All are shown to the same scale and using the same ray f-numbers with a light
wavelength of 546.1 nm. The first system is a symmetric biconvex lens (01 LDX 027),
the best-form singlet in this application. Clearly, significant spherical aberration
is present in this lens at f/# = 2.7. Not until f/# = 13.3 does the ray closely
approach the paraxial focus.
A dramatic improvement in performance is gained by using two identical plano-convex lenses with convex surfaces facing and
nearly in contact. Those shown are both 01 LPX 081. The combination of these two lenses yields almost exactly the same focal
length as the biconvex lens. To understand why this configuration improves performance so dramatically, consider that if the biconvex lens were split down the middle, we would have two identical plano-convex lenses, each working at an infinite conjugate ratio, but with the convex surface toward the focus.
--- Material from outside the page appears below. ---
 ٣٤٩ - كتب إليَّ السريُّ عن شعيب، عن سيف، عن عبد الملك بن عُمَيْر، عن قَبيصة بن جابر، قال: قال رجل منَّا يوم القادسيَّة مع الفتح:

This orientation is opposite to that shown to be optimum for this shape lens. On the other hand, if these lenses are reversed, we have the system just described but with a better correction of the spherical aberration.
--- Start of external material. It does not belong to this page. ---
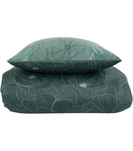 Borg Living Sengetøj king size - 240x220 cm - Vendbart design i 100% Bomuldssatin - Big Flower grøn - Sengesæt fra By Night

We have shown that an achromat is superior in performance to a singlet when used at the infinite conjugate ratio and at low
f-numbers. Since the unit conjugate case can be thought of as two lenses, each working at the infinite conjugate ratio, the
next step is to replace the plano-convex singlets with achromats, yielding a four-element system. The third part of the
figure shows a system composed of two 01 LAO 037 lenses. Once again, spherical aberration is not evident,
even in the f/# = 2.7 ray.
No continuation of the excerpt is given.